◆ **Your assignment**: Below are records with pictures in them. Output exactly the lines from the one with "Projection Ceiling Wall" through the one with "Fantasie Vintage Cartoon", both included, and leave every picture out; give only those lines.

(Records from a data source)
++++

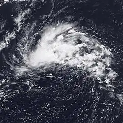 First spotted as a tropical disturbance near the Lesser Antilles on November 15, the system moved generally northward while slowly developing. The system organized into a tropical depression on November 18 and quickly strengthened into a tropical storm. The storm curved northeast and strengthened further, reaching hurricane strength on November 20. However, a surface high-pressure system to the north caused the storm to weaken as the vertical wind shear increased over its center. Frances was later absorbed by an extratropical cyclone on November 21.[38]
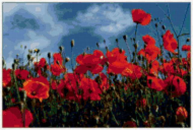 Ориентировочно так, схема вышивки «Маки», созданная автором anutka081189, будет выглядеть при отшиве на канве. Размер данной вышивки равен 190x128 крестов, при этом используется 62 цветов. Ключевые слова, по которым можно найти эту схему: маки, цветы, красное. Также, вы можете взглянуть на оригинальную картинку, соответствующую данной схеме вышивки.
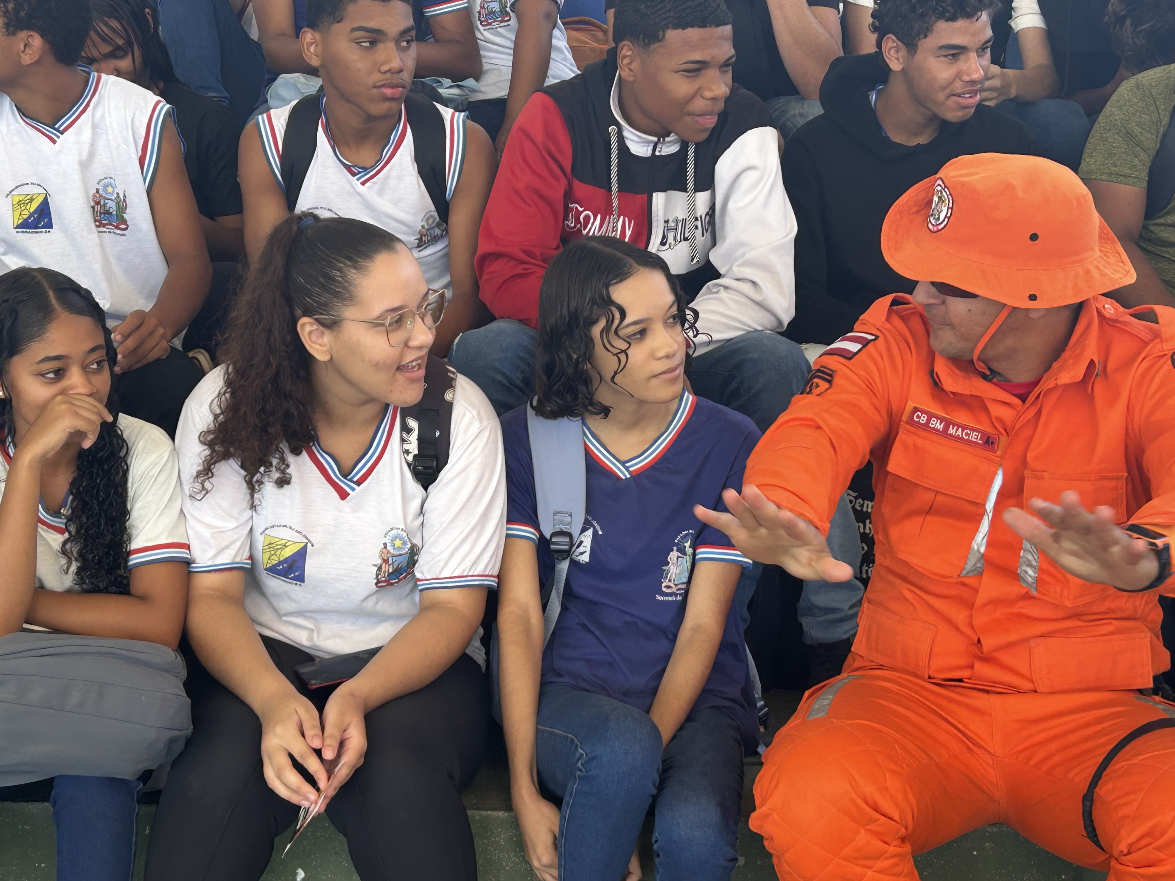 A ação marca o segundo dia da terceira etapa da Caravana e envolveu uma atuação articulada entre a Secretaria do Meio Ambiente (Sema), o Instituto do Meio Ambiente e Recursos Hídricos (Inema), a Secretaria da Saúde (Sesab), a Defesa Civil Estadual (Sudec), o Corpo de Bombeiros Militares da Bahia, a Companhia de Polícia de Proteção Ambiental (Coppa) e brigadas voluntárias. Cada órgão compartilhou com os estudantes aspectos práticos e preventivos relacionados à sua área de atuação, promovendo uma escuta ativa e participativa com os alunos.
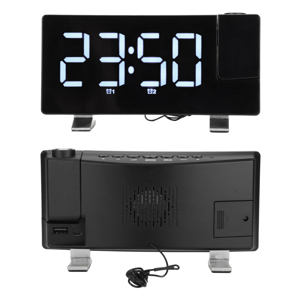 Projection Ceiling Wall Clock Digital Projector Radio Alarm Clock FM Radio Clock 7.1" Wide Curved Screen LED Digital Desk/Shelf Clock USB Charging
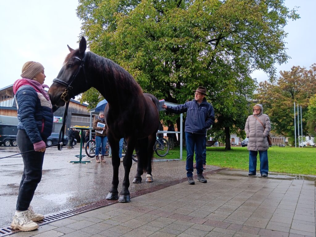 Die Beurteilung durch die erfahrenen Prüfer ging dann sehr schnell – ihrem geschulten Blick entging kein Makel. Ein edler Anblick war die Gangbeurteilung im schwungvollen Trab durch den Schulhof. Spannung dann bei der Gesamtpunkteverkündung: die Stute darf zur Eliteschau & finalen Stutbuchaufnahme am 19. Oktober in Maishofen!
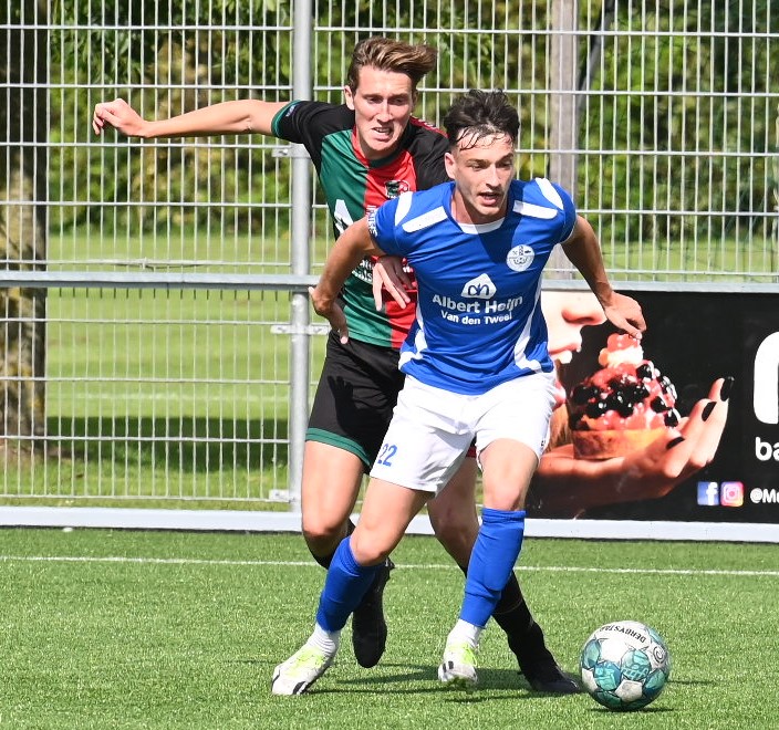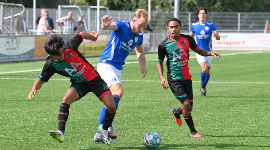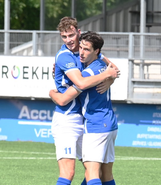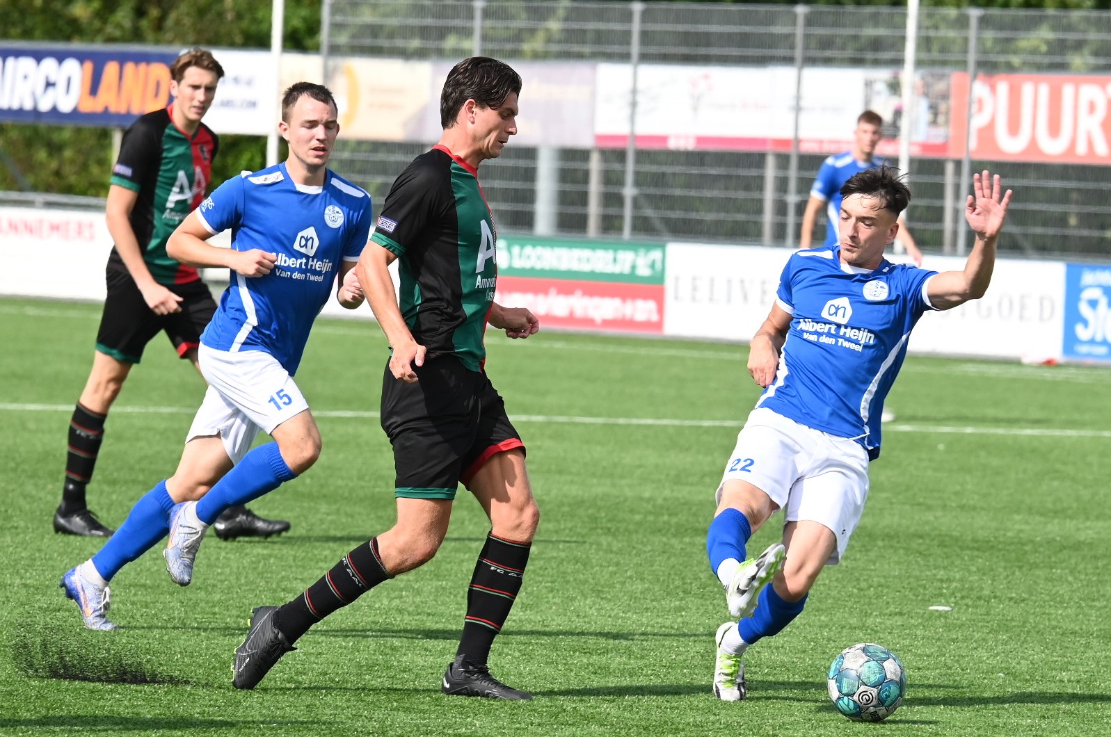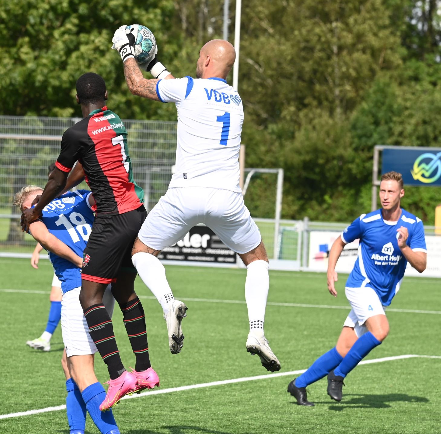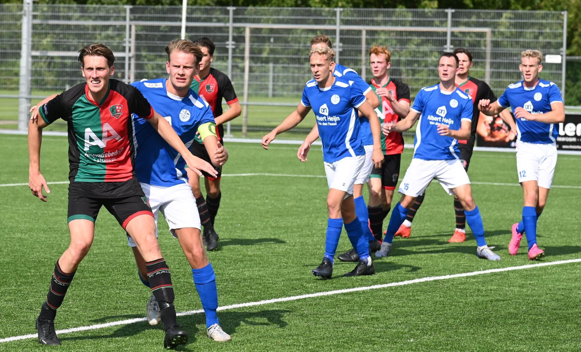 Veensche Boys heeft in haar oefenperiode weer flink toegeslagen. Op bezoek bij FC Aalsmeer werd zaterdag 26 augustus met 2-4 van de gastheren gewonnen. Aanvankelijk kwam FC Aalsmeer via een penalty van Luke Vahle aan kop, maar daarna sloeg Veensche Boys razendsnel toe. Het werd in luttele momenten 1-4 dankzij goals van aanvoerder Nico van den Brom, spits Corné Parol en de vleugelaanvallers Julian Buitenhuis en Tom van Donselaar. Het is dat de keeper van Aalsmeer een sta-in-de-weg bleek, maar anders was de score nog verder opgelopen. In de tweede helft was Veensche Boys alleen nog de eerste tien minuten angstvallig dichtbij de goal van de tegenstander, maar FC Aalsmeer dicteerde daarna het spel. Opnieuw door een penalty van Luke Vahle, na een lichte overtreding van Mauro Peters in het strafschopgebied, wist FC Aalsmeer de schade nog enigszins te beperken. Diezelfde Vahle ging later nog geblesseerd aan zijn rug van het veld. Foto Kees van den Heuvel
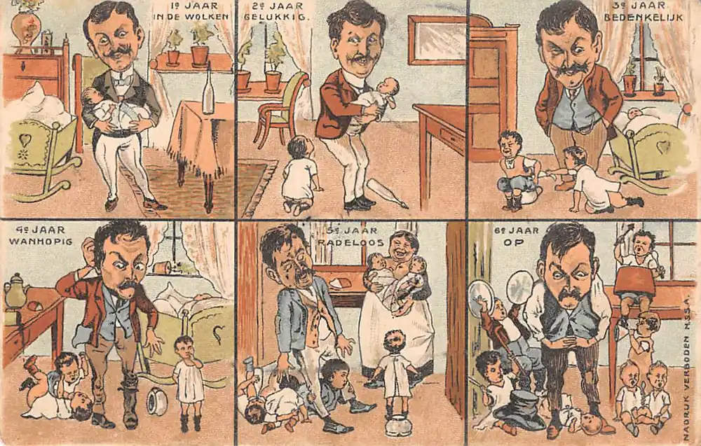 Fantasie Vintage Cartoon Vader met opgroeiende kinderen Spotprent 1904 HC22513 Wyprzedaż
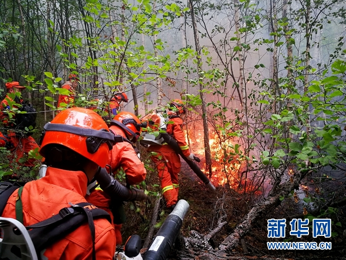 6月3日,武警内蒙古森林总队的官兵在阿巴河林场扑火。据内蒙古大兴安岭森林防火指挥部消息,发生在内蒙古大兴安岭北部原始林区和汗马国家级自然保护区的两起森林火灾3日仍在持续。截至3日凌晨,汗马火场已扑打火线逾11公里,阿巴河火场累计扑打火线逾5公里。内蒙古自治区防火指挥部门已调集近4000名扑火人员和大型设备赶赴两处火场进行扑救。新华社发(张蒙 摄)
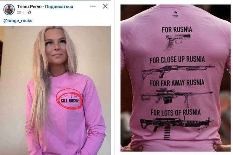 Дама в розовой кофточке с надписью “K|LL RUSN|A” — активистка и дизайнер Трийну Перве. Рекламу нового творения она опубликовала на своей странице в «Запретограмме». Фото тут же собрало кучу лайков и восторженных комментариев. Ну, потому что это не разжигание межнациональной розни и ни разу не призыв к насилию!
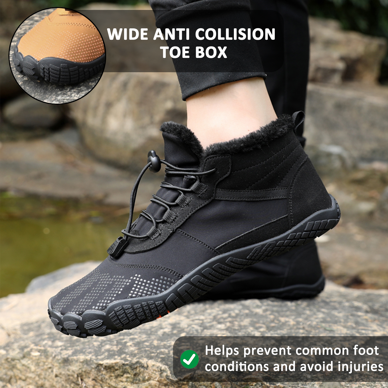 Men's Winter Outdoor Velvet Hiking Shoes, Five-finger Cotton Shoes, Sports Cycling Shoes, Warm and Thickened Non-slip Waterproof Snow Boots
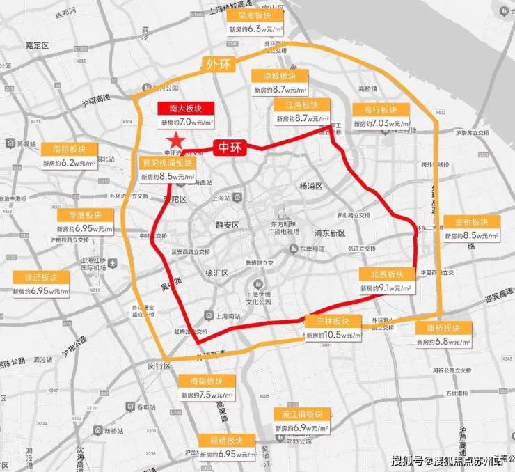目前中环区域新房备案价参考,杨浦中环: 9.8-10.5万元/㎡;普陀桃浦: 8.1-8.5万元/㎡;虹桥开发区:9.6-10.2万元/㎡;前滩商务区:12.5-13.2万元/㎡。
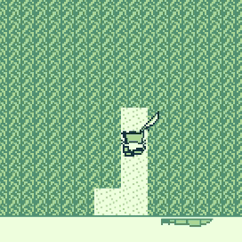 The solution came in the form of tile swapping. I could swap out pieces of the Background with art of grass and then swap them with cut grass when the player swings their machete over them. But even with this method, I could only get 40 or so pieces of grass on screen. Since the GB screen was about 10x8 (with a HUD on the 9th row) this was half the amount of grass I wanted to fill. At some point it occurred to me if I simplified the grass tiles to be repeating instances of 8x8 instead of 16x16, I could fit 4 times as much grass on screen.
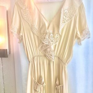 Stunning dress with lace details, worn once. Has two tiny charcoal spots that should wash out.
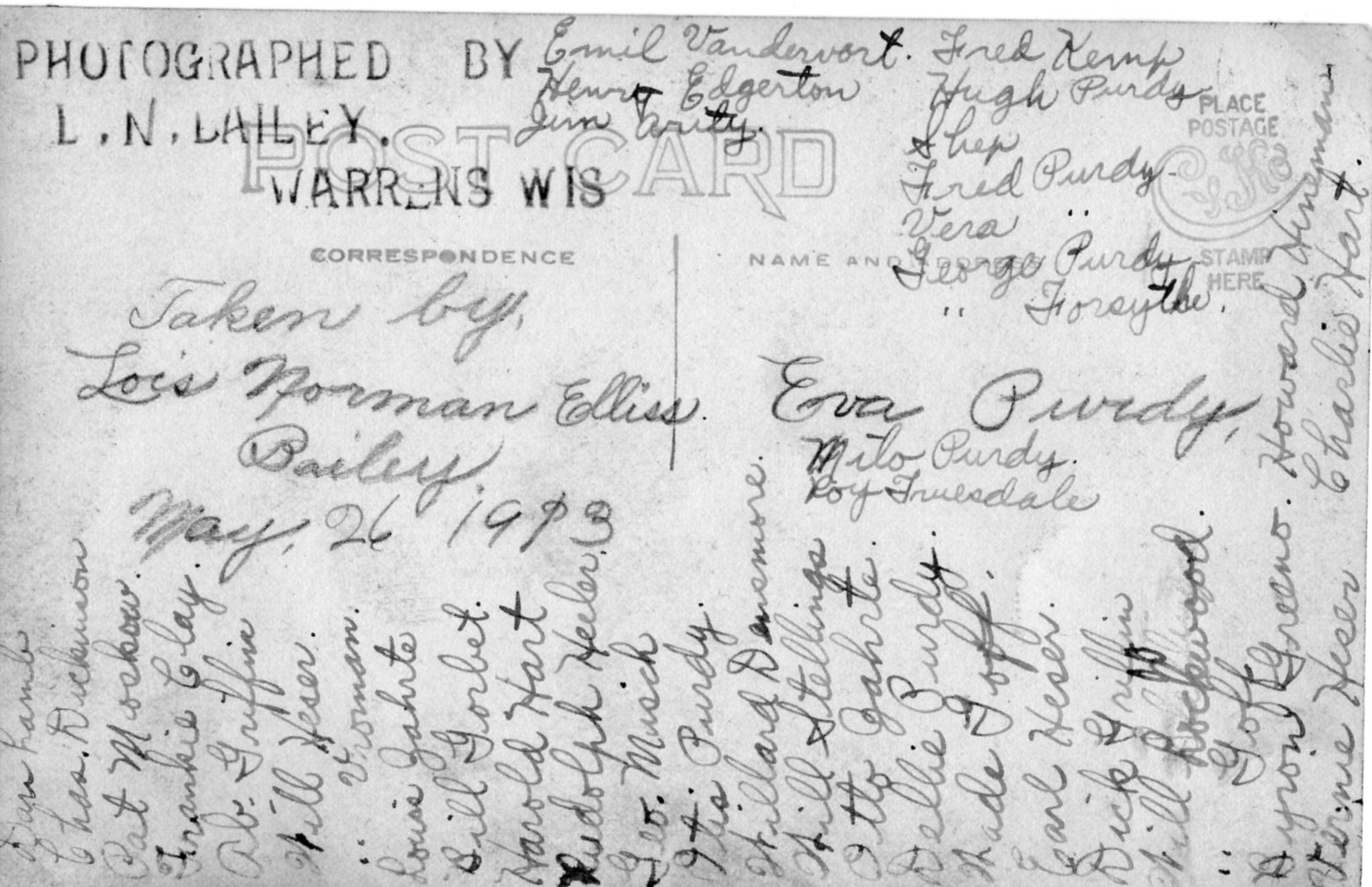 | Home Surname List Name Index Sources | Eleventh Generation467. (This is the back of the picture of the Fred Purdy barn raising in 1913.) She appeared in the census in 1910 in Grant Township, Monroe County, WI.157 She appeared in the census in 1920 in Grant Township, Monroe County, WI.170 Eva graduated in 1921 in Tomah, Tomah Township, Monroe County, WI.431 from Tomah High School. She appeared in the census in 1930 in Grant Township, Monroe County, WI.171 She died on 7 July 1991 at the age of 90 in Tomah, Tomah Township, Monroe County, WI.37,174,361,432 Eva was buried in Tomah, Tomah Township, Monroe County, WI.189 in the Oak Grove Cemetery. Eva Alvera PURDY (~) and Willard Azor DENSMORE were married on 14 September 1927 in Tomah, Tomah Township, Monroe County, WI.112,174,361,433 Eva Alvera PURDY (~) and Rufus Albert HACKETT were married on 25 July 1986 in Sparta, Sparta Township, Monroe County, WI.174 Rufus Albert HACKETT, son of George Alvin "Al" HACKETT and Amanda Jane PRESCOTT, was born on 16 March 1906 in La Grange Township, Monroe County, WI.174,215,434,435 He graduated in 1924 in Tomah, Tomah Township, Monroe County, WI.435 from Tomah High School. He died on 11 January 1989 at the age of 82 in Sparta, Sparta Township, Monroe County, WI.174 |

++++

◆ **Solution to this problem**:
 Projection Ceiling Wall Clock Digital Projector Radio Alarm Clock FM Radio Clock 7.1" Wide Curved Screen LED Digital Desk/Shelf Clock USB Charging
 Die Beurteilung durch die erfahrenen Prüfer ging dann sehr schnell – ihrem geschulten Blick entging kein Makel. Ein edler Anblick war die Gangbeurteilung im schwungvollen Trab durch den Schulhof. Spannung dann bei der Gesamtpunkteverkündung: die Stute darf zur Eliteschau & finalen Stutbuchaufnahme am 19. Oktober in Maishofen!
 Veensche Boys heeft in haar oefenperiode weer flink toegeslagen. Op bezoek bij FC Aalsmeer werd zaterdag 26 augustus met 2-4 van de gastheren gewonnen. Aanvankelijk kwam FC Aalsmeer via een penalty van Luke Vahle aan kop, maar daarna sloeg Veensche Boys razendsnel toe. Het werd in luttele momenten 1-4 dankzij goals van aanvoerder Nico van den Brom, spits Corné Parol en de vleugelaanvallers Julian Buitenhuis en Tom van Donselaar. Het is dat de keeper van Aalsmeer een sta-in-de-weg bleek, maar anders was de score nog verder opgelopen. In de tweede helft was Veensche Boys alleen nog de eerste tien minuten angstvallig dichtbij de goal van de tegenstander, maar FC Aalsmeer dicteerde daarna het spel. Opnieuw door een penalty van Luke Vahle, na een lichte overtreding van Mauro Peters in het strafschopgebied, wist FC Aalsmeer de schade nog enigszins te beperken. Diezelfde Vahle ging later nog geblesseerd aan zijn rug van het veld. Foto Kees van den Heuvel
 Fantasie Vintage Cartoon Vader met opgroeiende kinderen Spotprent 1904 HC22513 Wyprzedaż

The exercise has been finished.